[Entries taken from a collection]
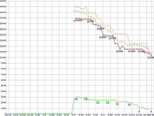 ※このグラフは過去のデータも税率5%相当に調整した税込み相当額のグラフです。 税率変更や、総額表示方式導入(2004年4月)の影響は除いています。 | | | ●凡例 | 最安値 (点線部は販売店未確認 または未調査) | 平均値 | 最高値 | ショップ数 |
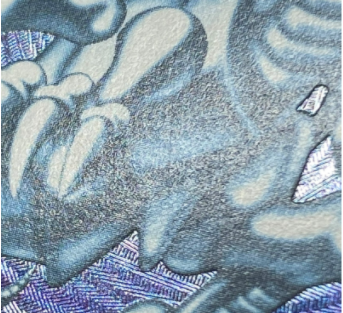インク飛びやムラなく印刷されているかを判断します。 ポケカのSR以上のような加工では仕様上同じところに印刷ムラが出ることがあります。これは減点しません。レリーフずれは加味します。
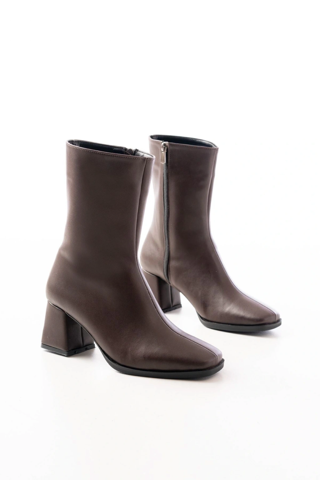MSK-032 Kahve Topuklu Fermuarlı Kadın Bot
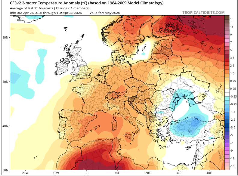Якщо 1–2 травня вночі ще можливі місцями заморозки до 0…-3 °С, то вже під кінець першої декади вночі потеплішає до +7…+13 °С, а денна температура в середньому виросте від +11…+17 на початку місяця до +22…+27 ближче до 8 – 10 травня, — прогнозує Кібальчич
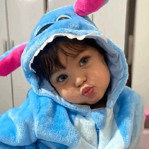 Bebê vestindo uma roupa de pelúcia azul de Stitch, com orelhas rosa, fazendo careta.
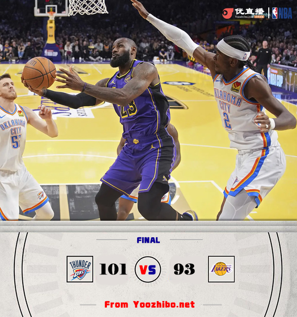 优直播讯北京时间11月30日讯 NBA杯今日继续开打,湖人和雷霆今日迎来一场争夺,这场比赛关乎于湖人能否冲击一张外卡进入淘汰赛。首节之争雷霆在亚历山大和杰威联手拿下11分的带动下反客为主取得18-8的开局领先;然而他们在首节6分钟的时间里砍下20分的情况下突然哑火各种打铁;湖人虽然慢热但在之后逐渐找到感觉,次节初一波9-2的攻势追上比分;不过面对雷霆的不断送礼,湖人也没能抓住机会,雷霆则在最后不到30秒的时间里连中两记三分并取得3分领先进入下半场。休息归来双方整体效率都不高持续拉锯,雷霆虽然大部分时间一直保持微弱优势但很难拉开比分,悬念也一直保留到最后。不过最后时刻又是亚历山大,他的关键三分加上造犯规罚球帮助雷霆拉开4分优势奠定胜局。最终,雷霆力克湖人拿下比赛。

→ REQUIREMENT
Leave the images out and print each entry exactly.

→ TASK ANSWER
 ※このグラフは過去のデータも税率5%相当に調整した税込み相当額のグラフです。 税率変更や、総額表示方式導入(2004年4月)の影響は除いています。 | | | ●凡例 | 最安値 (点線部は販売店未確認 または未調査) | 平均値 | 最高値 | ショップ数 |
インク飛びやムラなく印刷されているかを判断します。 ポケカのSR以上のような加工では仕様上同じところに印刷ムラが出ることがあります。これは減点しません。レリーフずれは加味します。
MSK-032 Kahve Topuklu Fermuarlı Kadın Bot
Якщо 1–2 травня вночі ще можливі місцями заморозки до 0…-3 °С, то вже під кінець першої декади вночі потеплішає до +7…+13 °С, а денна температура в середньому виросте від +11…+17 на початку місяця до +22…+27 ближче до 8 – 10 травня, — прогнозує Кібальчич
 Bebê vestindo uma roupa de pelúcia azul de Stitch, com orelhas rosa, fazendo careta.
 优直播讯北京时间11月30日讯 NBA杯今日继续开打,湖人和雷霆今日迎来一场争夺,这场比赛关乎于湖人能否冲击一张外卡进入淘汰赛。首节之争雷霆在亚历山大和杰威联手拿下11分的带动下反客为主取得18-8的开局领先;然而他们在首节6分钟的时间里砍下20分的情况下突然哑火各种打铁;湖人虽然慢热但在之后逐渐找到感觉,次节初一波9-2的攻势追上比分;不过面对雷霆的不断送礼,湖人也没能抓住机会,雷霆则在最后不到30秒的时间里连中两记三分并取得3分领先进入下半场。休息归来双方整体效率都不高持续拉锯,雷霆虽然大部分时间一直保持微弱优势但很难拉开比分,悬念也一直保留到最后。不过最后时刻又是亚历山大,他的关键三分加上造犯规罚球帮助雷霆拉开4分优势奠定胜局。最终,雷霆力克湖人拿下比赛。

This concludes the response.